We snapped that third photo of Emily and her precious sister Mary over Christmas break last month. In 2 months, Mary will turn 5. Emily is now an adult at 18, at least by one definition of the word. She told me she feels bittersweet that these little ones are growing up so fast, and she is now gone from Africa and missing it. I nodded at the irony, then swallowed the lump in my throat and put her on a plane to California a week later.
I have wanted Emily and Will to be unafraid of loving people like Mary with their whole hearts, in spite of knowing that they cannot remain with them, because that is the way things will often be. We cannot hold on to time, people, or places forever. God has not called us to certainty, to control, to safety, but to faith as we live and love others. That is dangerous, a bit emotionally risky, and leaves us with a groaning in our spirit at times. Jesus lived this way – heart wide-open, tears mixed with blood, willing to die for love. There was no holding back with Him.

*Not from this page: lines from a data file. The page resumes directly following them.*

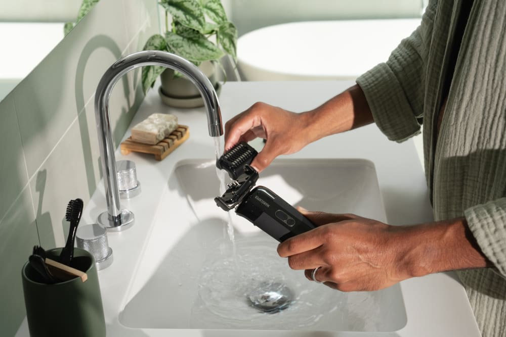 Stroke your face with a newfound accuracy. Two interchangeable blade heads give you a gentle and precise shave whether you want a smooth face or perfectly chiseled stubble.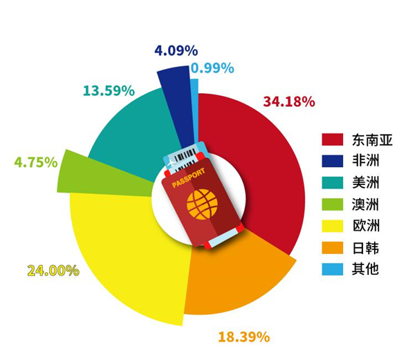 2018年中国护照的含金量大增,免签、落地签国家和地区达73个,比去年国庆增加了8个,增幅达12%,综合百度、携程网、广东旅游大数据平台数据显示,广东出境游人次预计大幅增长,最受青睐的仍是日韩、欧洲、东南亚国家,“一带一路”沿线国家成为出境游新宠。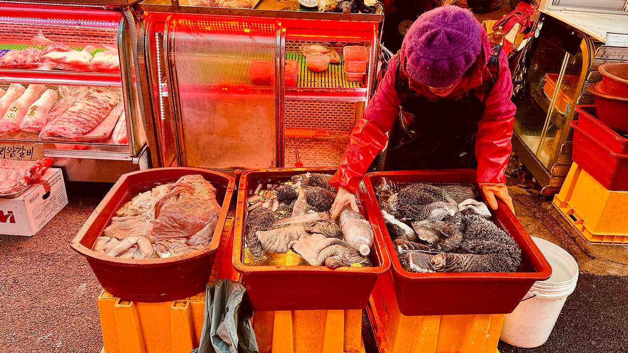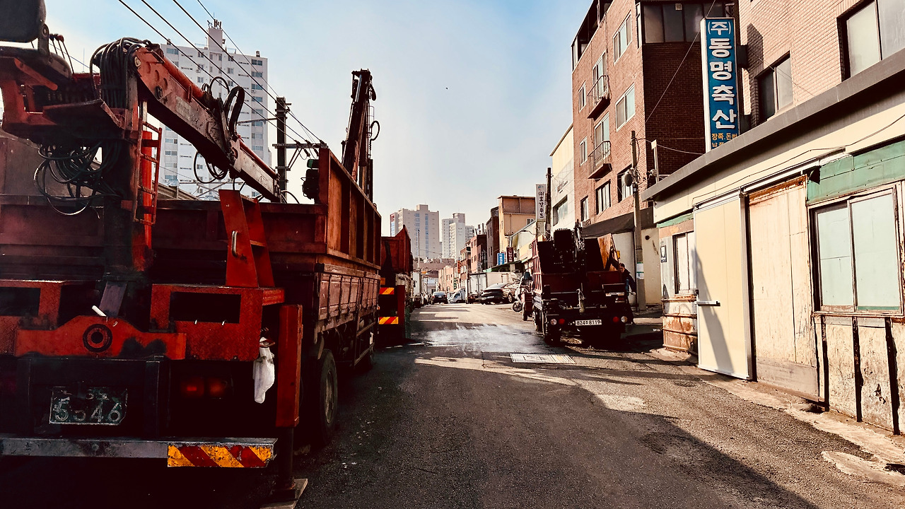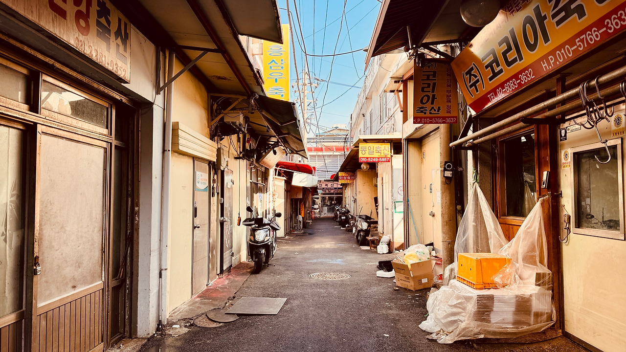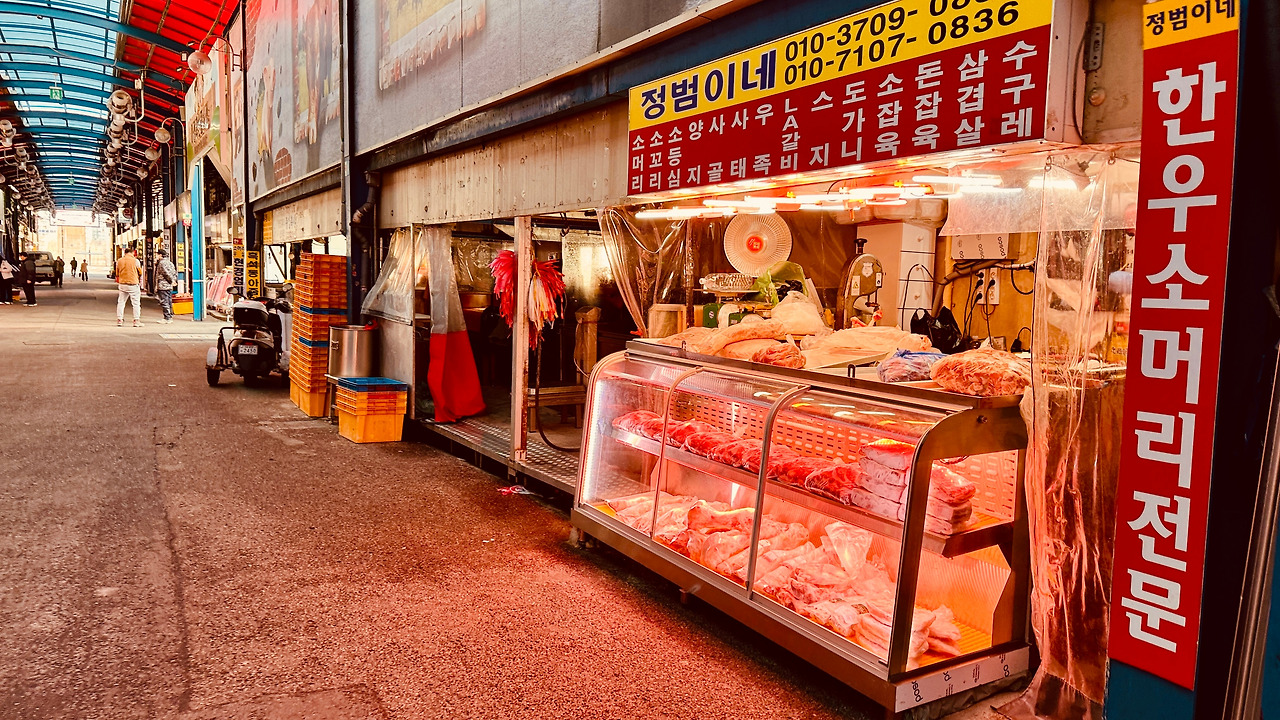 시장뿐만 아니라 주변 200~300m 정도 지역 전체에 소 비린내가 퍼져 있다. 이곳에서 생활하는 분들의 민원이 종종 제기되는 것도 이해가 된다. 특히 한 주민이 올린 글을 보니, 학교 앞이나 아파트 근처에 입점한 가공 업체에서 소 뼈를 썰고, 돼지머리를 걸어두는 등의 작업이 이루어져 아이들 학업에 영향을 준다고 한다. 하지만 이런 구조가 쉽게 바뀌기는 어려워 보였다.

My eyes now scan those three images that document 4 years time and see that she got the message – “Give your love away freely!” I hope the echo of those photos remains in my heart, like a reward when I miss Emily. From what we have sensed in talking to her, she continues to be a source of genuine friendship and love to so many in her new life at college. I have watched Will learn to serve and love and can see the same in him.
I also believe Mary G will grow up, nurtured to love that way, despite her tiny start. I hope all 65 of our kids at Naomi’s Village and our team are learning to give and receive that kind of love. And I pray that if you are busy loving someone right now, you will feel less afraid about the cost to your own heart today, or on some future day when the goodbyes come, as they surely will. Because love gathers up in those we have loved, and leaves unmistakable ripples on the surface of time, and though that time will disappear, the ripples will surely not. They will live on, carried by flesh and blood, refusing to be crushed by darkening currents of cynicism and hopelessness all around.